How far have we moved from the promises of the Wilderness Act? The USFS has recommended 11,000 acres of Wilderness from 4.8 million acres in Colorado IRAs. Yet what began as an inventory has been translated into a limited use prescription despite the absence of suitability as Wilderness. De facto Wilderness is not provided for in law and it can be argued violates the Multiple Use Act and the National Environmental Policy ACT.
Some lands in Colorado do need protection and this protection is available in practical and useful designations that can be tailored to fit resource values and public need equally well without locking out much of the population and threatening the very security of the nation by forever holding precious commodities out of reach in times of crisis and need.

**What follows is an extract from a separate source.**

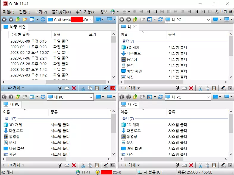더불어 해당 Q-Dir 프로그램은 설치형과 동일한 UI로 실행한다. 즉, 자신의 컴퓨터이고 Q-Dir를 자주 사용한다면 앞에서 소개한 설치형 Q-Dir이 적합하고 타인 또는 외부에서 임시로 사용하는 컴퓨터라면 Q-Dir 포터블 버전을 활용하면 된다.

In short, the vast majority of lands held up as suitable for Wilderness not only do not meet the criteria of the Wilderness Act, but most are clearly at odds with what the land management professionals believe should be managed as Wilderness. Congress has two well known tools that provide answers to administrative paralysis; National Conservation Areas and National Recreation Areas (NCA and NRA respectively). COHVCO and TPA also support a third designation developed by the Blue Ribbon Coalition, a nationally respected recreational advocacy group. That alternative is the Back Country Recreation Area, which will protect the land but will also allow it to be used and enjoyed by the public.
History has shown that administrative action has been unable to resolve the conflict associated with public land recreation and Inventoried Roadless Areas. It is imperative that Congress take some specific action to put this issue to rest. Congress needs to establish a land designation that provides the protection the public demands for these lands while at the same time providing the managing agencies with the necessary flexibility to respond to recreational demands and to address critical concerns of forest health, fire prevention and wildlife habitat enhancement.
Much of our public land reflects an undeveloped, back country character. Evidence of man’s activities may be present and obvious to a knowledgeable observer. However, this evidence is not dominant and the landscape is generally perceived as possessing natural, primitive, or back country characteristics. It is important that these characteristics be maintained under any land designation category established by Congress.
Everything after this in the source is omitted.